From: "Roozbeh Pournader" <[EMAIL PROTECTED]>
> On Mon, 28 Apr 2003, Mark Davis wrote:
> 
> > BTW, the ICU demos have been all upgraded to Unicode 4.0, on 
> > http://oss.software.ibm.com/icu/demo/.
> > They include:
> > 
> > [...]
> >
> > IDNA Demo
> > This simple demo performs IDNA transformations as described in RFC 3490.
> 
> But isn't the IDNA repertoire limited to Unicode 3.2?!

Probably for now, until new characters are accepted in IDNA, which has always used 
only a approved subset of the Unicode/ISO10646 defined set, even with Unicode 3.2. 
IDNA defines, for security reasons, some other equivalences that are normative for use 
in domain names, even if they are not included in NFC/D and NFKC/KD data. (Look for 
exemple the additional equivalences for dashes, and Unicode standard characters whose 
usage is forbidden within IDNA, or equivalences added between similar letters 
belonging to distinct scripts within Unicode).

IDNA really adds restrictions based on the fact that two Unicode characters that are 
not canonically equivalent or compatibility equivalent, still have too similar glyphs 
in most fonts, and thus must be "unified" with additional equivalences.
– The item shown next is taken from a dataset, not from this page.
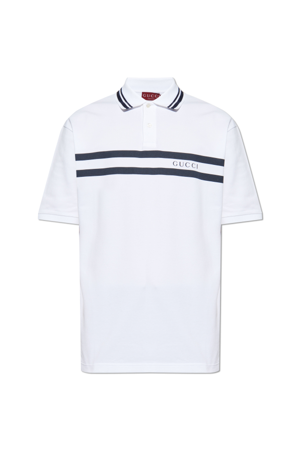 Introducing the epitome of sartorial elegance, the Gucci Logo Polo Shirt. This exquisite garment, rendered in pristine white, showcases the impeccable craftsmanship synonymous with the storied house of Gucci. Meticulously crafted from premium materials, primarily soft cotton, this polo ensures unparalleled comfort and enduring quality. The classic silhouette, featuring short sleeves and a relaxed fit, exudes a timeless charm suitable for a myriad of occasions. The design is distinguished by its understated yet striking details: two horizontal navy stripes adorn the front, complemented by the iconic GUCCI logo emblazoned on the left chest between the stripes. The collar, accented with navy edges, adds a touch of refined sophistication, while two pristine white buttons complete the look. Additional features include a traditional polo collar with button fastening, short sleeves with subtle ribbed cuffs, and a smooth back devoid of embellishments, highlighting the shirt\'s minimalist elegance. The edges are meticulously finished, underscoring the high quality of the piece. Why Choose This Product? Expertly crafted from high-quality cotton for superior comfort. Elegant design with distinctive navy accents and the iconic GUCCI logo. Classic cut with short sleeves and a relaxed fit for versatile styling. Attention to detail with a finely finished collar and edges. A timeless addition to any sophisticated wardrobe.

A domain name is not an unrestricted general text, so it has additonal constraints 
that are out of scope of the Unicode standard which does not consider the security 
requirements for each application that uses it as a base standard.

Unicode 4.0 is still too new for IDNA. Give some time to IDNA authors to study the 
additions in Unicode 4, and publish a new subset of acceptable characters and new 
IDNA-canonical equivalences, or prohibitions.

There's nothing wrong however in the ICU announcement (IDNA is not a Unicode 
specification but a separate IETF/IEC technical standard), because it lists all demos 
that have been upgraded to the latest versions of each specification.